Have you recently noticed signs of moisture inside or around your air conditioner unit's outdoor condensing unit or indoor air handler? The signs of moisture can be signs of normal operation, weather conditions, or of a major problem that needs attention from an appliance repairs service. Determining the root of the problem involves examining the likely source of the moisture.

Here are three potential causes of moisture in and around your central air conditioning system.

Condensing Unit Moisture: Leaking Refrigerant

Water inside or around the outdoor condensing unit is often simply leftover moisture from rain so, if you recently had rainy weather, there's your culprit. But if you've had dry weather and still notice moisture in and around the condensing unit, you could have a refrigerant leak within the system.

Refrigerant is the chemical that moves through the air conditioning system, changing phases as it goes, and it creates the temperature changes needed to cool your air. The refrigerant changes from a gas to a liquid in the condenser coils in the condensing unit, so a break in the coils can cause refrigerant to leak down into the condensing unit.

If you suspect a refrigerant leak, call in an appliance repair technician as soon as possible. Low levels of refrigerant can cause your system to inefficiently cool and can eventually start to cause structural damage.

Air Handler Moisture: Leaking Drain Pan or Condensate Pump

Liquid refrigerant leaves the condensing unit through lines that run into your house and the air handler inside. The refrigerant goes into evaporator coils, which change the chemical back into a gas in a process that makes the coils cold on the surface. Air passes over these coils to get cooled, then is blown out your vents.

The coil cooling naturally produces a degree of condensate, which drips down into the bottom of the unit into a drain pan. The drain pan empties into a drain pipe either due to gravity or the presence of a motorized condensate pump.

Moisture around the air handler can come from the drain pan overflowing due to a blockage in the pipe or the condensate pump failing to work properly. Call in an HVAC tech to diagnose the problem and to replace the pump, if necessary.

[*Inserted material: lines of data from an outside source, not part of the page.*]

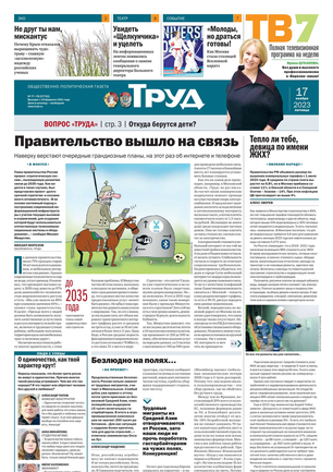 Одна из старейших общественно-политических газет (издается с февраля 1921 года). Корреспонденты «Труда» ежедневно рассказывают читателям о политике, культуре, спорте, экономике, жизни общества, самых интересных новостях дня и многом другом. Издание рассчитано на широкий круг читателей.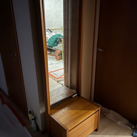 Oletan, että tämä Svedbergsin vintagepeilikaappi on vähintään 70-luvulta ellei 60-luvulta, kun talo on rakennettu 60-luvulla ja peilikaappi lienee korvattu 70- luvulla toisella. Ikäänsä nähden varsin hyväkuntoinen peilikaappi, ehdin pyyhkiä kuviin vain päällisin puolin kostealla rätillä. Soveltuu muuallekin, kuten ilm. on 70-luvulta tehnytkin, ei siis ole ollut märkätiloissa vuosikymmeniin. Mitat pyöristetty ylöspäin, yksikään mitta ei ollut tasasentti.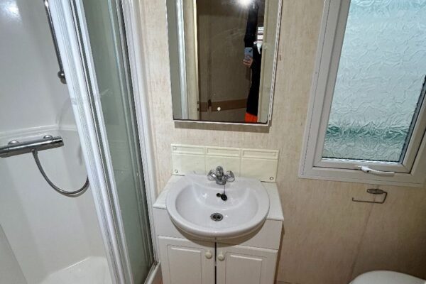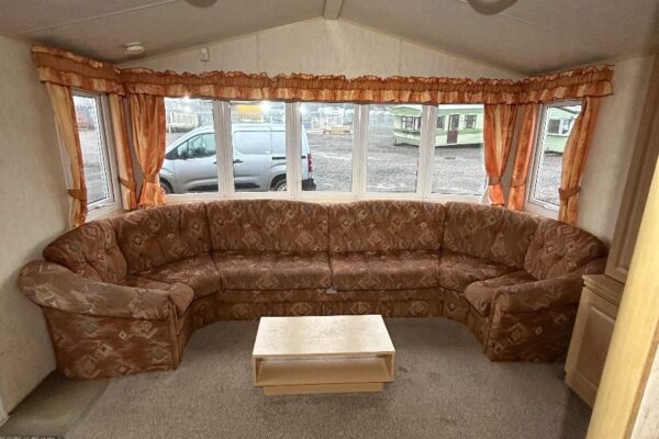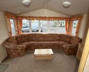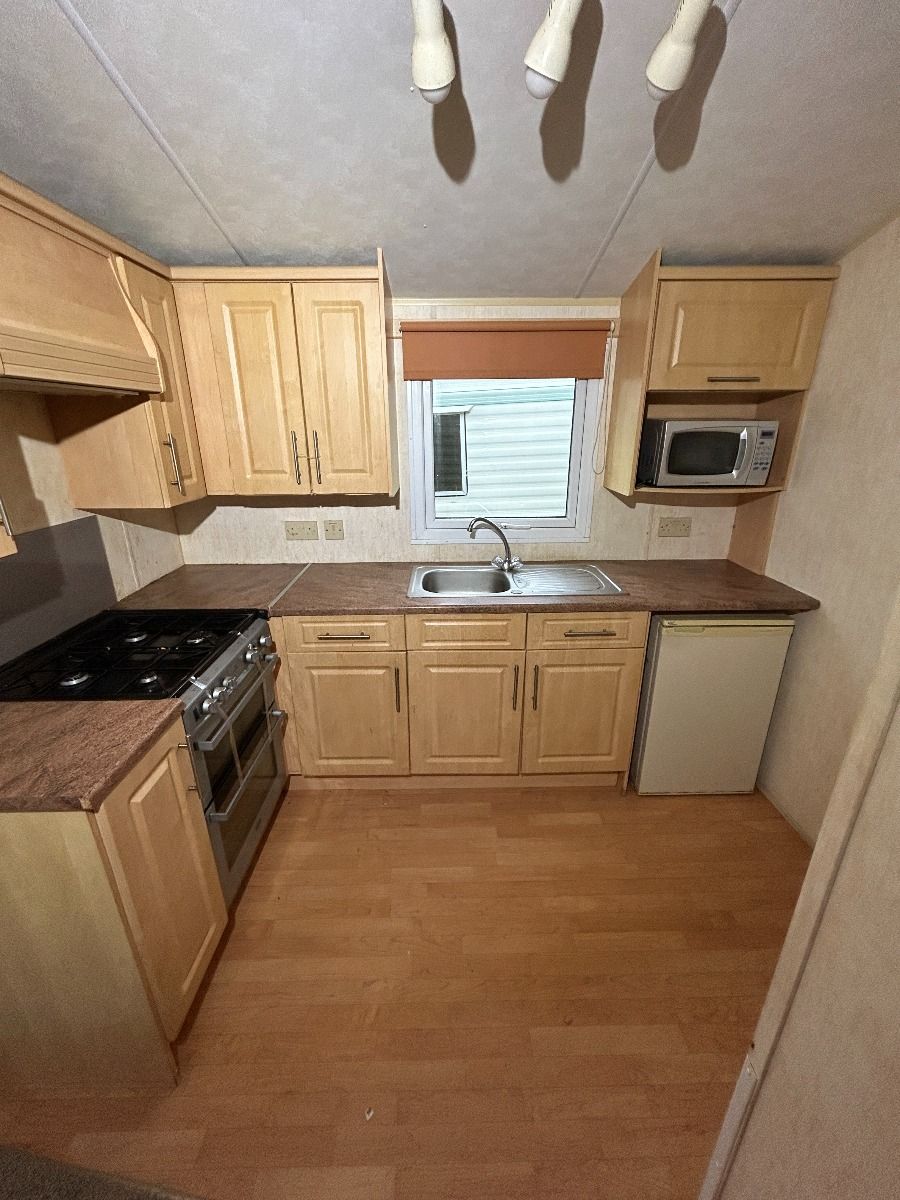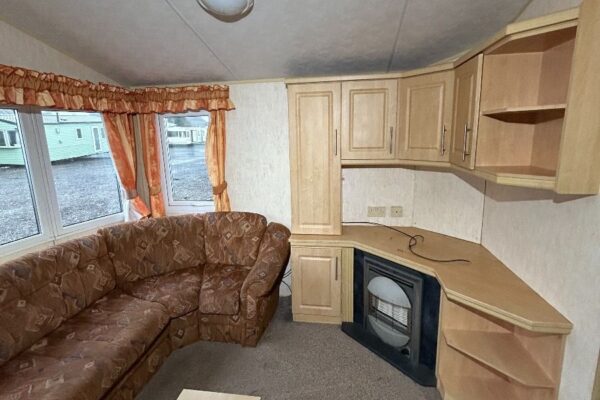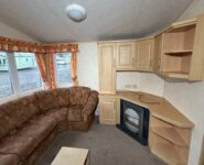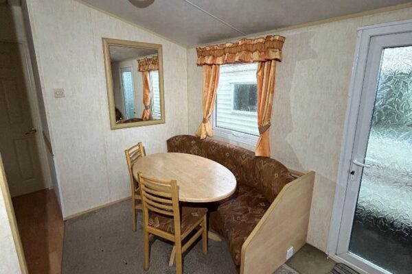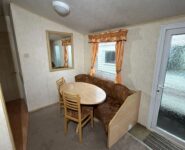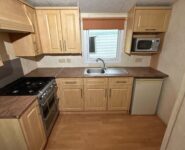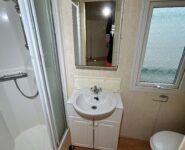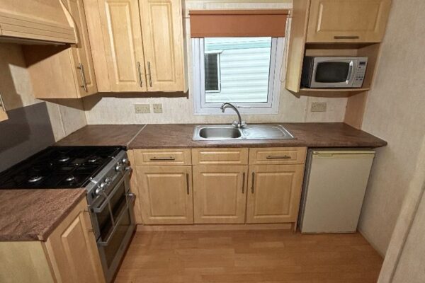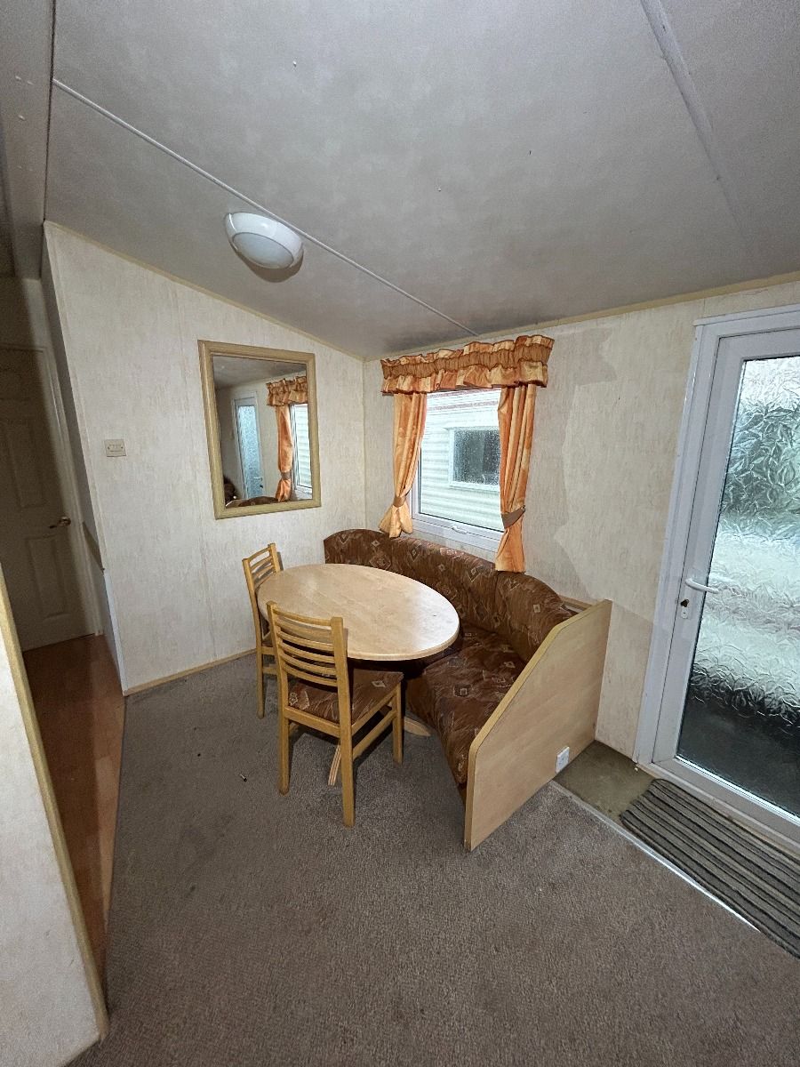 Całoroczny domek mobilny dwupokojowy na kołach w bardzo dobrym stanie. W salonie kanapa z rozkładanym łóżkiem i kominkiem gazowym, stół kuchenny. Jedna 2-osobowa sypialnia z łózkami pojedynczymi, druga sypialnia z podwójnym łóżkiem. Łazienka i ubikacje.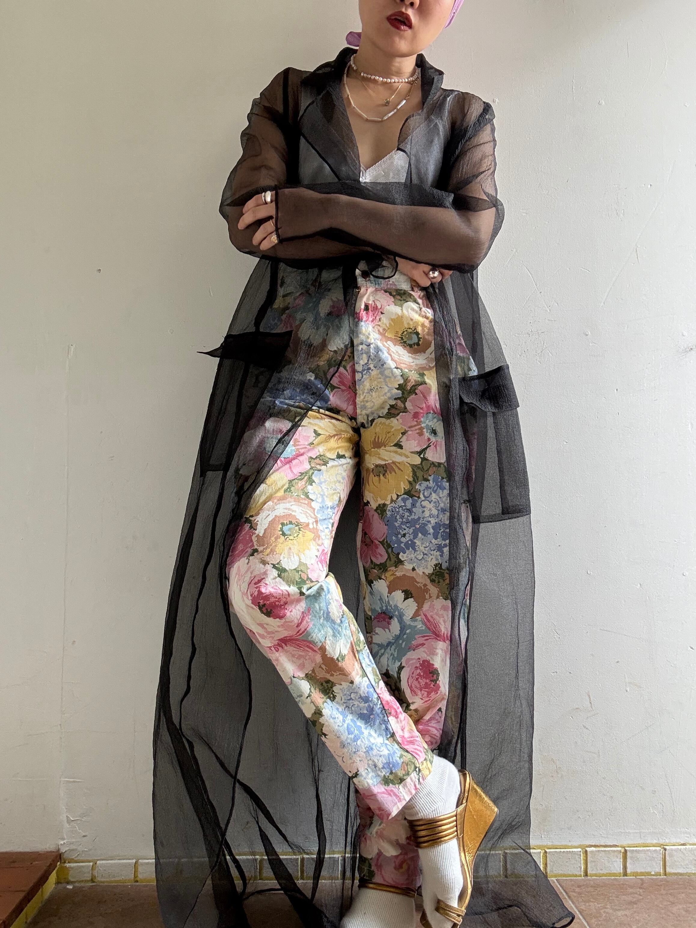 着丈:97cm ウエスト:35.5cm ヒップ:56cm 股上:30cm 股下:70cm material:cotton (model 身長154cm) 商品の詳細につきましては、4/14(Tue)のインスタグラムライブをご覧ください。 またこちらの商品はOnline Storeでは4/15(Wed)12時よりお買い求めいただけます。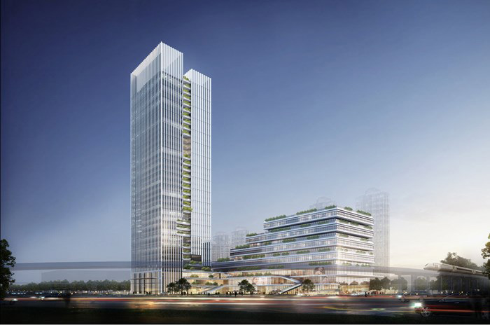 项目概况:城发高新大厦位于武广教育生态城中心,总用地面积47亩,建筑面积共 16 万平方米,由一栋 35 层的 5A 甲级写字楼和一栋 10 层星级酒店构成,项目建筑总高度为168米,是集商业配套、星级酒店和写字楼为一体,融合“行政、办公、休闲、生态、科技、智能”于一身的城市高端商务综合体。 领先国际的5A智能化办公标准的5A甲级写字楼配置,花园式办公环境,创新性的智慧新风系统,同时项目设置空中会所、双层挑高豪华大堂、大容量高速商务电梯、现代智能化地下停车库等高端商务办公国际标准配置,来这里将成为株洲教育产业创新性企业和商户办公经营的生态聚集地,成为株州教育产业发展的首选之地。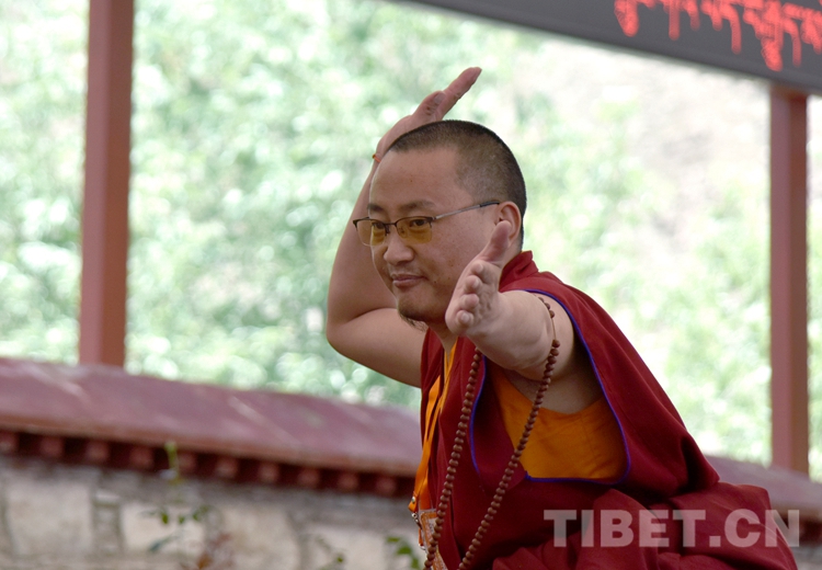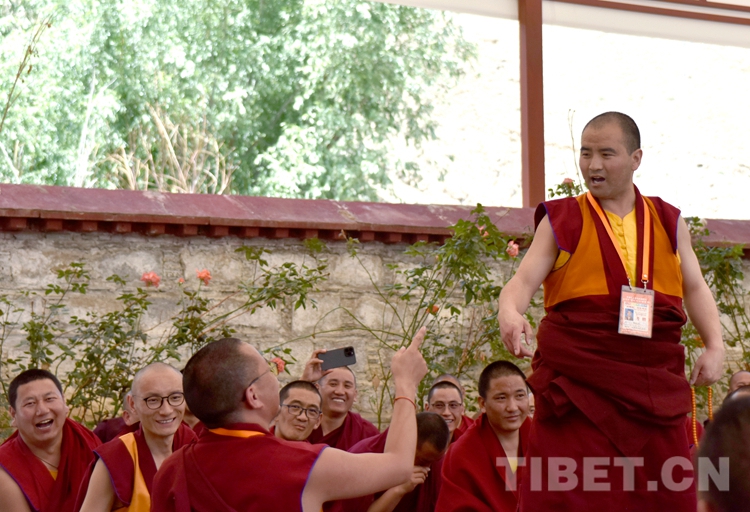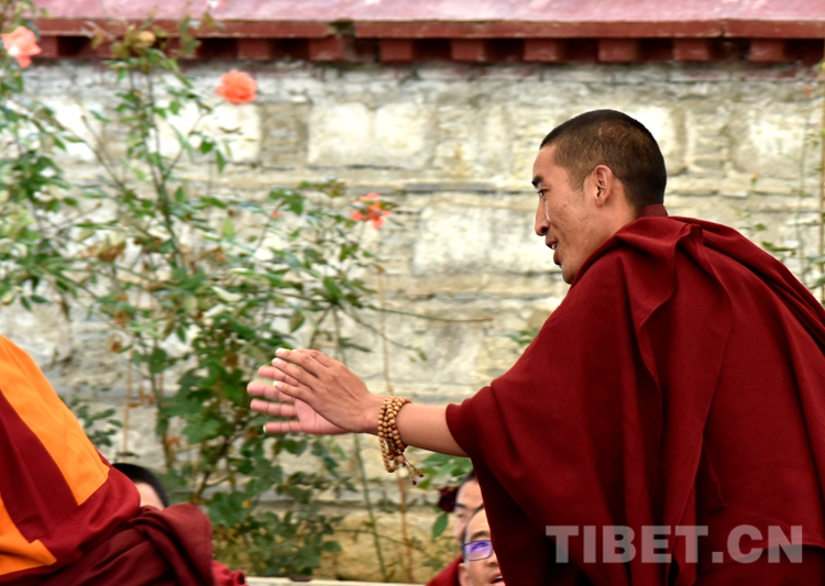 中國西藏網訊 身穿絳紅色袈裟,坐者仔細聆聽、站立者臂套念珠、迸出佛學妙語;圍觀者不時大笑……這是6月21日下午記者在西藏佛學院辯經場看到的“唇槍舌戰(zhàn)”。

Air Handler Moisture: Frozen Evaporator Coils

Does your drain pan seem to empty properly but you still have leaking water around your air handler? Check to make sure the evaporator coils aren't freezing up during the unit's operation. This freeze up can cause excess levels of moisture that the drain pan can't accommodate and will also cause your unit to become less efficient to the point of not blowing cold air at all.

Frozen evaporator coils are usually due to low levels of refrigerant. Call your HVAC tech to check the refrigerant to see if it needs refilling.